Final answer:
To construct a 98% confidence interval with a margin of error of no more than 7, the required sample size is 245 when rounded up to the nearest whole number.
Step-by-step explanation:
To determine the sample size needed for a 98% confidence interval with a margin of error of no more than 7 to estimate a proportion, we begin with the formula for the margin of error (E) associated with a proportion:
E = z * sqrt[(p_hat * (1 - p_hat)) / n]
Since we don't know the true population proportion, we use p_hat = 0.5 for the maximum variability, which gives the largest sample size.
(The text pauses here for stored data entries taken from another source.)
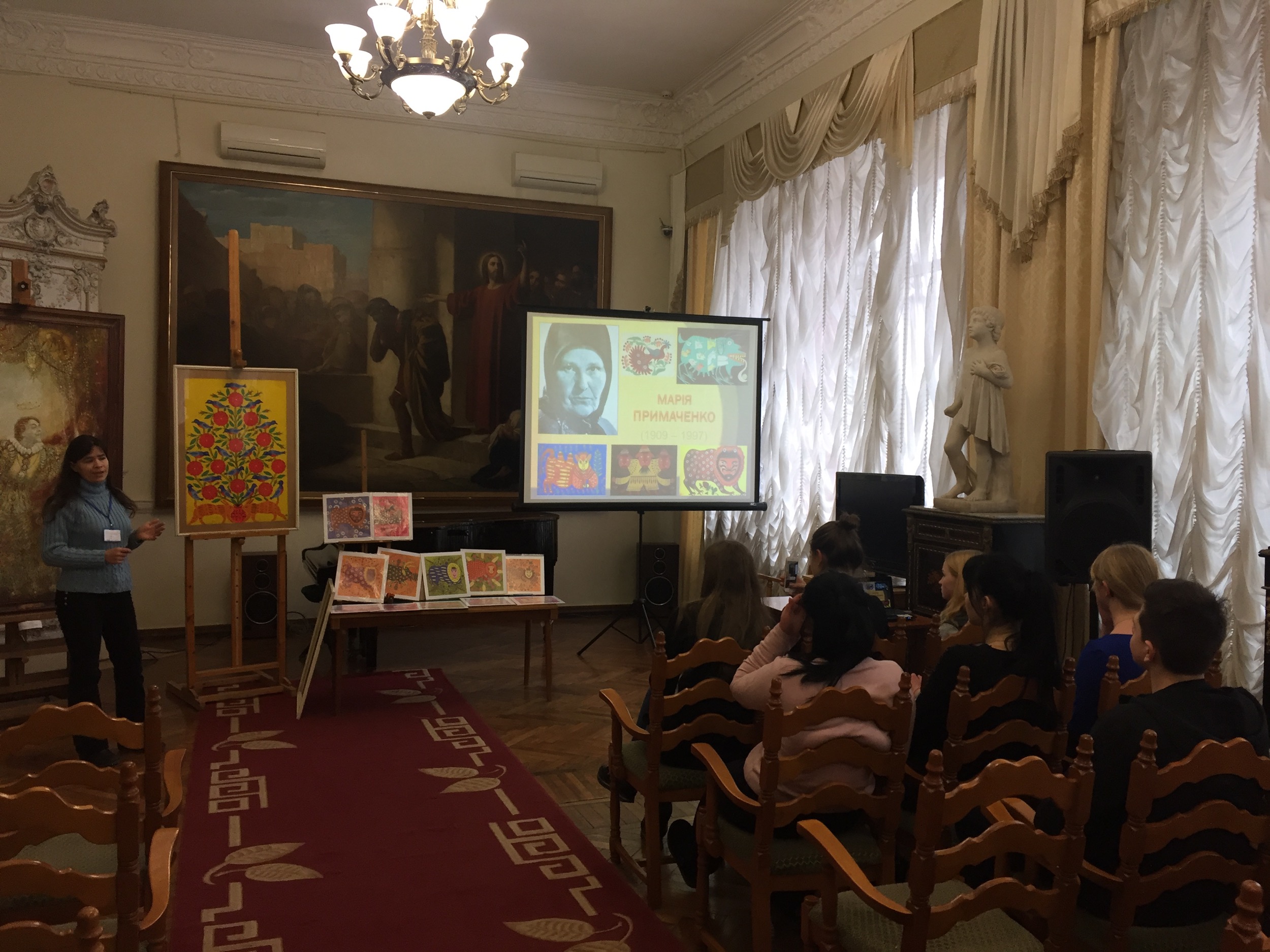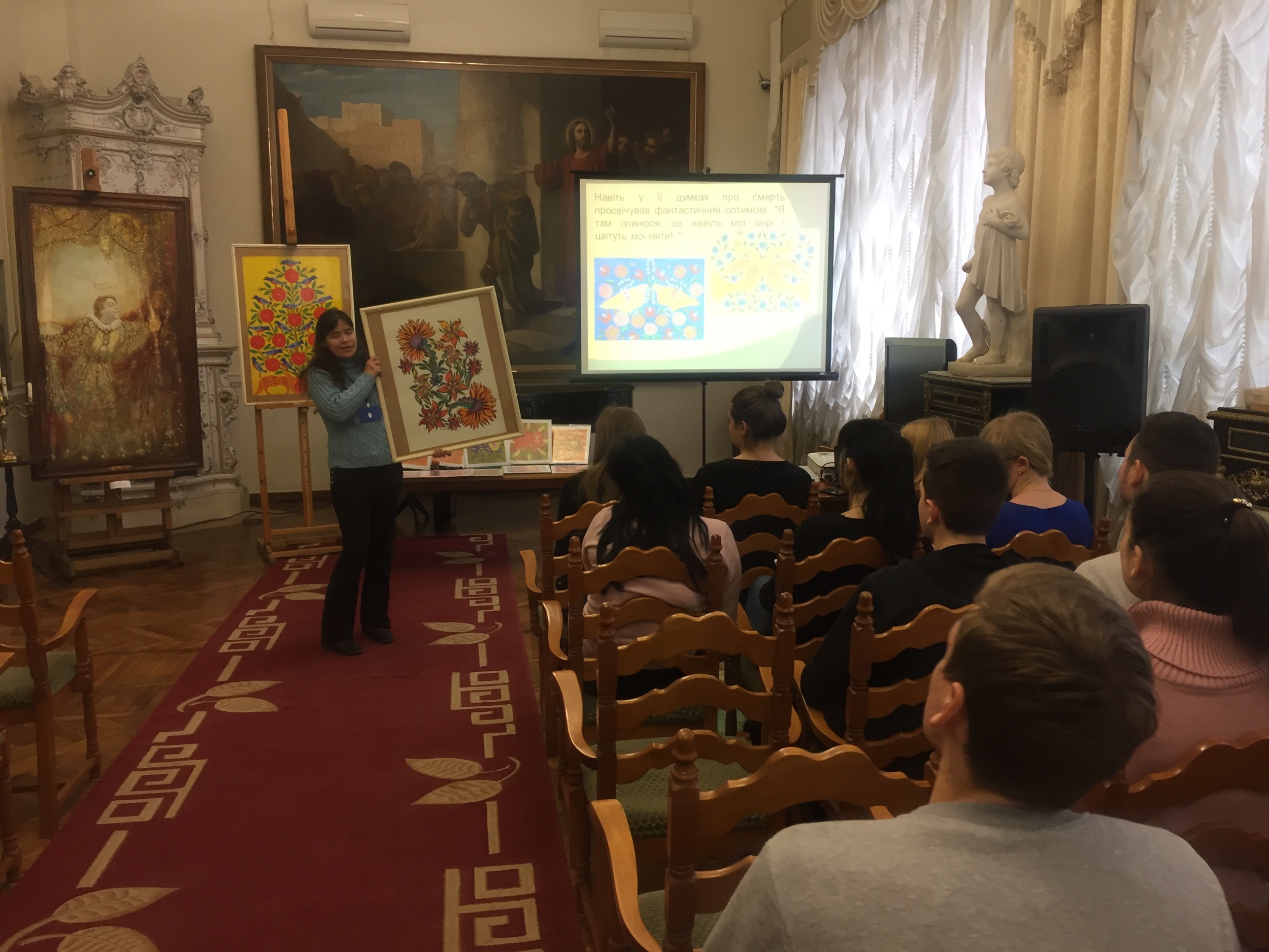 Студенти ознайомились із власним мистецьким стилем художниці та мали можливість побачити характерні риси її стилю та особливості поліського народного декоративного розпису, в межах якого нескінченні варіанти декоративних, орнаментальних, жанрових і пейзажних композицій, що вплітаються в естетично-філософське трактування стосунків людини та Всесвіту. Оригінальну авторську картину «Гуляють солов’ї навесні», створену майстринею у 1988 році, доповнюють роботи її послідовників та графічні репродукції, що зберігаються у фондах музею.
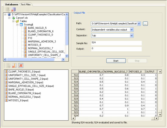 GeneXproTools saves the scoring results to a file, but for small datasets (up to 16 variables and 2000 samples), GeneXproTools
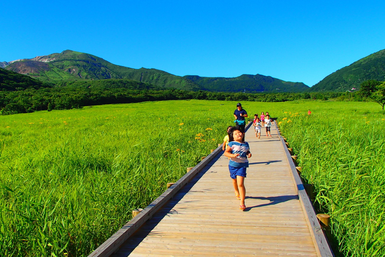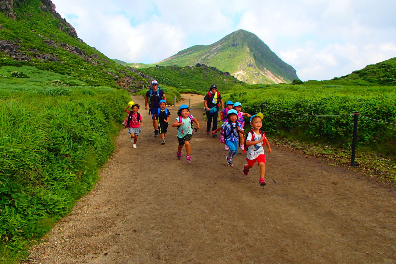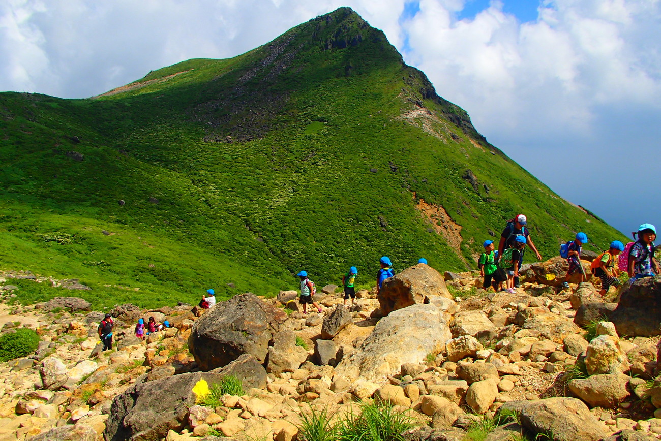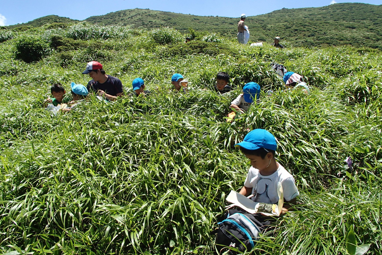 1日目は山登り。めざすは九重連山の主峰、久住山! 準備体操はできたかな?
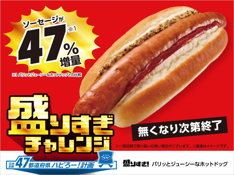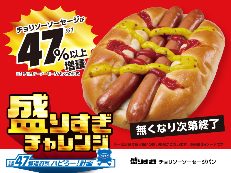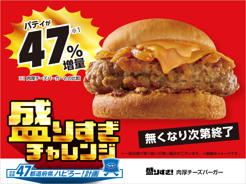 ローソン「盛りすぎチャレンジ」第3弾、“47%増量”肉厚チーズバーガー/ホットドッグ/シュークリーム  ローソンは「やりすぎチャレンジ」と題して「●●すぎる」商品を続々と発売している。第3弾は47%増量した「盛りすぎチャレンジ」商品を2月21日~27日に販売する。 盛りすぎ! 肉厚チーズバーガー 価格: 397円 ※ナチュラルローソンでは販売しない 特徴: パティ47%増量。オニオンスライス、チーズソースも増量した、ずっしりボリューム満点のハンバーガー 盛りすぎ! パリッとジューシーなホットドッグ 価格: 192円 ※ナチュラルローソンでは販売しない 特徴: ソーセージ47%増量。ケチャップも増量してよりジューシーに 盛りすぎ! チョリソーソーセージパン 価格: 117円 特徴: 旨辛なチョリソーソーセージを通常品に対して2本に増量。より肉感が楽しめるボリューム満点の惣菜パン ※沖縄エリアでは「あらびきソーセージ」2倍商品 チョリソーソーセージが47%以上(2倍)増量「盛りすぎ! チョリソーソーセージパン」(117円) 盛りすぎ! 生カスタードシュークリーム 価格: 160円 ※2月20日夕方ごろ発売 特徴: 総重量が47%増量。プレミアムエッグを使用したカスタードが通常量の1.47倍 https://gourmet.watch.impress.co.jp/docs/news/1479942.html
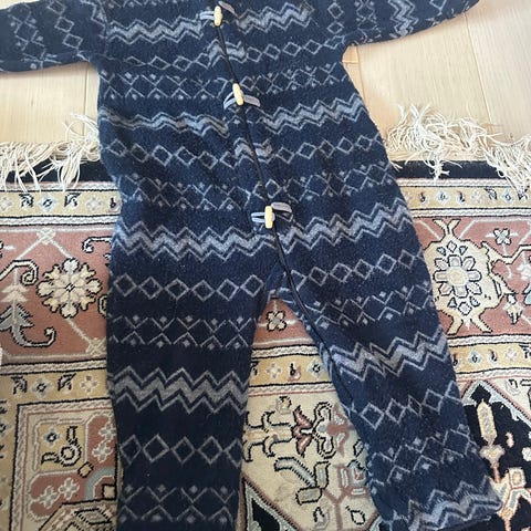 Hel varm dress i ull fra Joha strl 86/92. Med glidelås og folding for å brette over føtter og hender hvis ønskelig.

For a 98% confidence interval, we'd use the z-value associated with the middle 98% of a standard normal distribution, which is approximately 2.33 (z-value for a 99% confidence interval is 2.576, but for 98% it's a bit less). Writing the formula in terms of the sample size (n) and solving for n:
n = (z^2 * p_hat * (1 - p_hat)) / E^2
Substitute the values (E = 0.07, z = 2.33, and p_hat = 0.5) into the equation:
n = (2.33^2 * 0.5 * (1 - 0.5)) / 0.07^2
Calculate and round up to the nearest whole number. After calculation, you will find that the required sample size is between 240 and 245. Rounding to the nearest whole number, the answer is in option D: 245.